# Just saying hello



## crmdgnly (Apr 12, 2017)

Hi, I joined the forum a few days ago and wanted to say hello.

I have had an interest in home coffee for years now, with a Bialetti style stove top in the early 90's as well as a terrible cheap and nasty home espresso machine. Realising the error of my ways I got hold of a Gaggia Paros in the early naughties. Essentially being a classic and MDF grinder in the same housing, it served me well for many years. I got fed up of the messy grinding and got hold of an old commercial style grinder by Santos (not sure of the model number, it's in storage at the moment).

After over 10 years the Paros died (well, the solenoid blocked up) before I knew enough to fix it but I was given a Gaggia Baby which has served me well for the last 5 years or so. It has been accompanied by a Sunbeam EM480 grinder, which just about did the job (but wasn't a patch on the Santos).

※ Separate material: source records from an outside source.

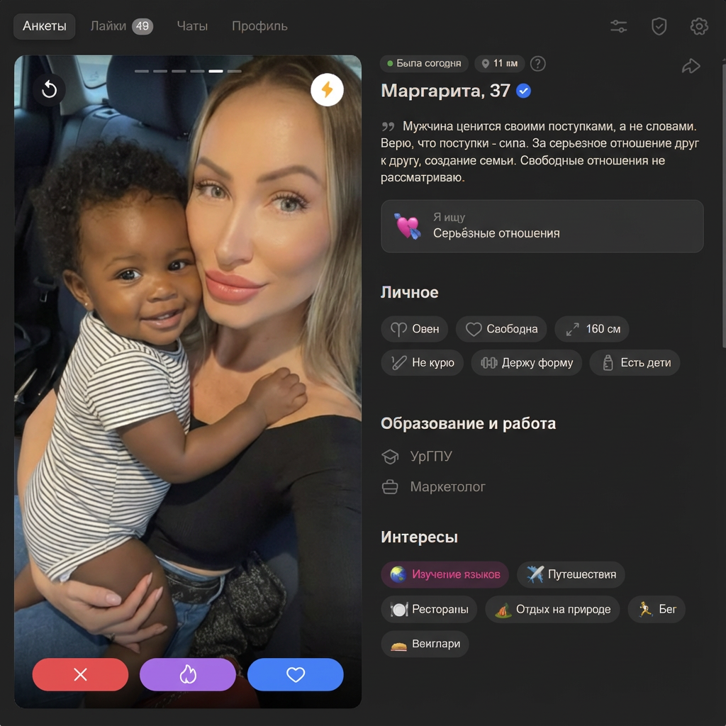 >>10500288 Хз о чем вы, тян дохуя и общаются, НО ПОВТОРЮ: Ну что, попробовал вчера вечером я ваш дайвинчик. Захожу сегодня и что вижу во взаимных: 8 жирух, 2 рсп, 1 просто всратая лицом. Спросите зачем лайкал? Отвечу фото в анкете и фото и сторис в профиле тг отличаются. Это реально дно какое-то.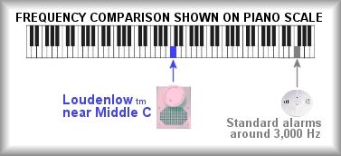 Typical smoke alarms are too high pitched to be effective for waking many populations. They are around 3,000Hz. Our smoke detectors generate 520 Hz, 250 Hz, and 135 Hz respectively. "Independent studies evaluated the performance of six different signals for waking up hard of hearing people from deep sleep and found the 520 Hz square wave to be the most effective of all the signals." See article.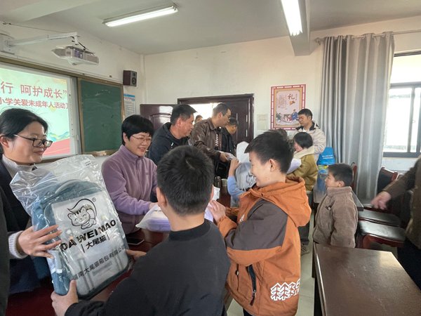 ~ 活动现场,主办方为学校学生送上50个书包,传递关怀与温暖。滁州市中西医结合医院的医生带来眼科知识讲座,带领学生规范做眼保健操,并为大家进行体格检查、发放健康宣传手册。此外,活动还设置爱国主义教育、《未成年人保护法》及网络保护条例宣讲、心理健康教育等环节,通过奏唱国歌、红色故事分享、案例讲解等形式,全方位守护乡村儿童身心健康。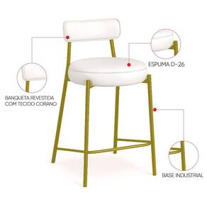 Banqueta Cozinha Alta Com Encosto Industrial Dourado Kit 4 Londres Pu D03 - D'rossi Branco Renove sua cozinha, área gourmet ou ambiente comercial com o kit 4 Banquetas Alta Londres em sintético PU. Com 95 cm de altura total e 75 cm do assento ao chão, possui a proporção perfeita para bancadas e ilhas altas, garantindo conforto e ergonomia em cada uso. A estrutura em aço carbono na dourada combinada à madeira de reflorestamento assegura resistência e durabilidade, enquanto o acabamento em pintura epóxi protege e realça o visual industrial da peça. O assento e o encosto fixos, estofados em espuma D-26 de alta densidade, proporcionam maciez e sustentação ideais. O revestimento agrega sofisticação e é fácil de limpar, mantendo o aspecto elegante por muito mais tempo. Seu design industrial apresenta base metálica vazada, que traz leveza visual e robustez estrutural, além de apoio para os pés integrado e capacidade para até 120 kg com total segurança. A Banqueta Londres é a escolha certa para quem busca elegância, praticidade e conforto em um só produto. Dimensões do Produto: Altura: 95 cm Largura: 37 cm Profundidade: 47 cm Peso: 6 kg Outras Medidas: Altura para apoio dos pés: 30 cm Altura do Assento até o Chão: 75 cm Especificações do Produto: Material da Estrutura: Aço Carbono e Madeira de reflorestamento Acabamento: Pintura Epóxi Peso Suportado: Até 120 Kg sem impacto Revestimento do Assento: Sintético PU Possui Almofada no Assento: Sim Tipo de Assento: Fixo Enchimento do Assento: Espuma D-26 Material do Assento: Almofada com Espuma Possui Encosto: Sim Tipo de Encosto: Fixo Material do Encosto: Acabamento estofado no mesmo material do assento. Possui Apoio para Braços: Não Tipo de Pés: Base metálica Industrial Fixa Possui Apoio de Pés: Sim Com Altura Ajustável: Não É Giratória: Não Possuí Rodízios: Não Diferenciais: Design estilo Industrial; Conforto extra; Estrutura resistente e elegante Sistema de Montagem: O produto é enviado montado Garantia: 90 dias contra defeito de fabricação Instruções de Limpeza: Utilizar pano limpo e levemente úmido. Quantidade de Volumes: 1 Caixa Medida das Embalagens: Caixa 1: 150 cm x 71 cm x 58 cm Peso Produto Embalado: 29 kg Entrega: É feita somente até o térreo ou portaria. Confira sempre as medidas das embalagens para assegurar que o produto passe por portas e escadas do local.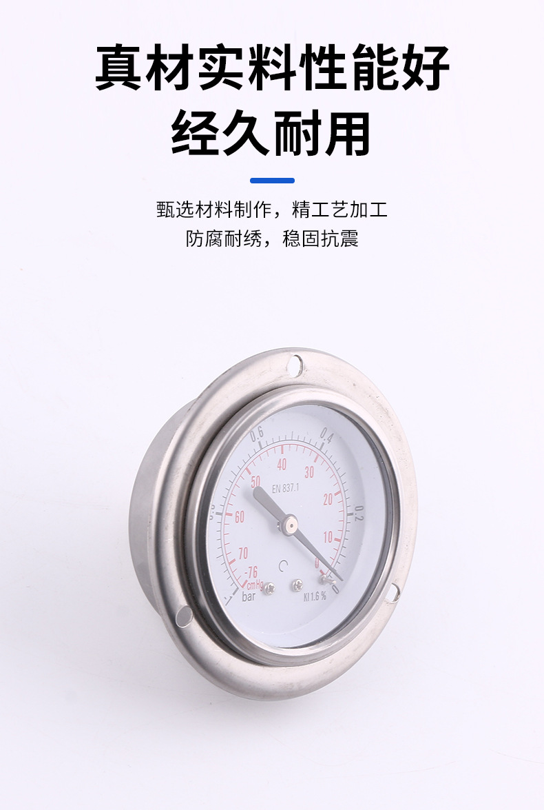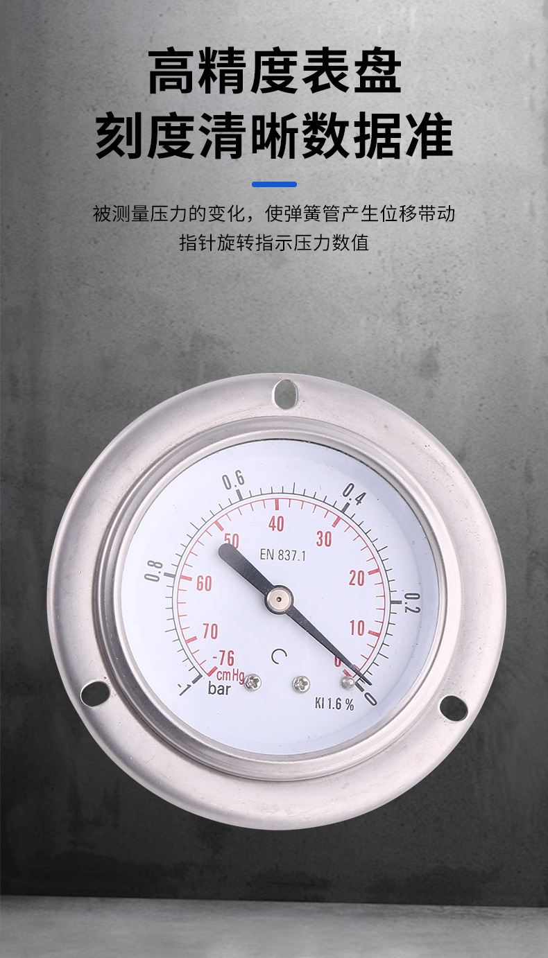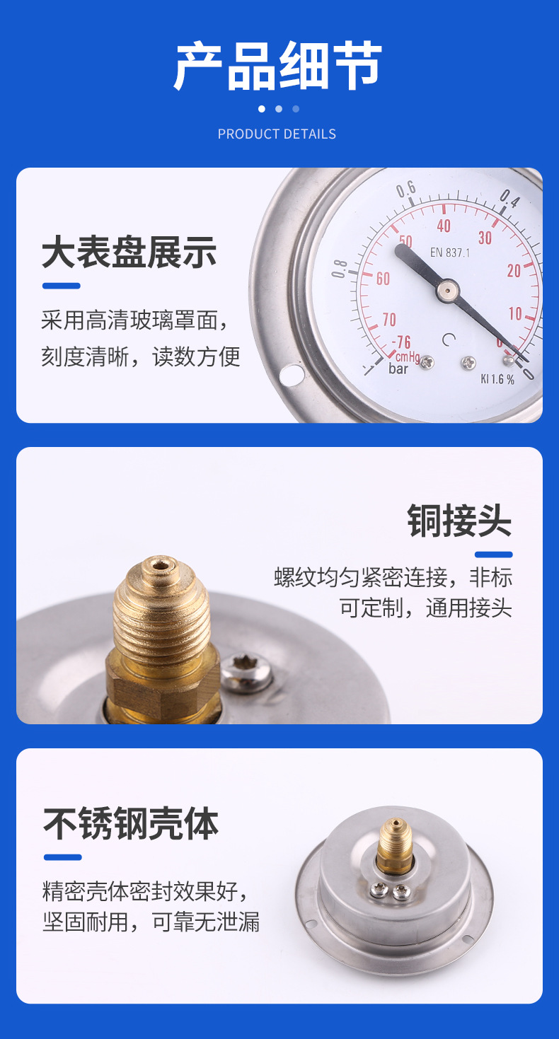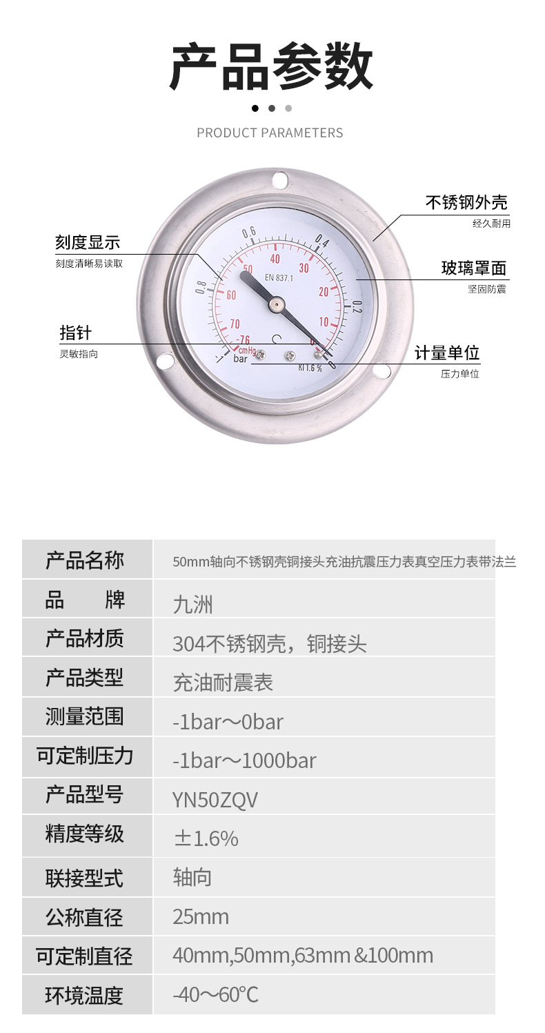 Axial Stainless Steel Pressure Gauge with Copper Joint Oil-Filled Anti-Vibration Vacuum Gauge for HVAC Systems YN50ZQV

Right now I have gone almost full circle and am back with the Paros and it's built in MDF. I took the solenoid apart and found a piece of boiler seal. So I took the boiler apart and replaced the seal. Got some nice shots on the first few tests, but a few days later the machine tripped the RCD. I suspect a dodgy element and this is where we are today. A boiler is in the post as I type, and I'm awaiting it's arrival before putting everything back together (again). I'm sure I'll be along asking for some help and tips in the near future. I'm strongly debating a brass shower plate holder, and am less sure about a replacement shower screen, but will wait to see if the new boiler fixes things first.

So, hello ;-)


----------



## MildredM (Feb 13, 2017)

Hello and welcome









You've had quite a journey! Hope you crack it with the new boiler


----------



## Planter (Apr 12, 2017)

Hey. Welcome. Good intro and best of luck going forward.


----------



## hotmetal (Oct 31, 2013)

Hello. Maybe if it's tripping in circumstances such as those it could be that the seal is still not right and moisture is seeping onto the element terminals and shorting. Hope you get it all fixed.


----------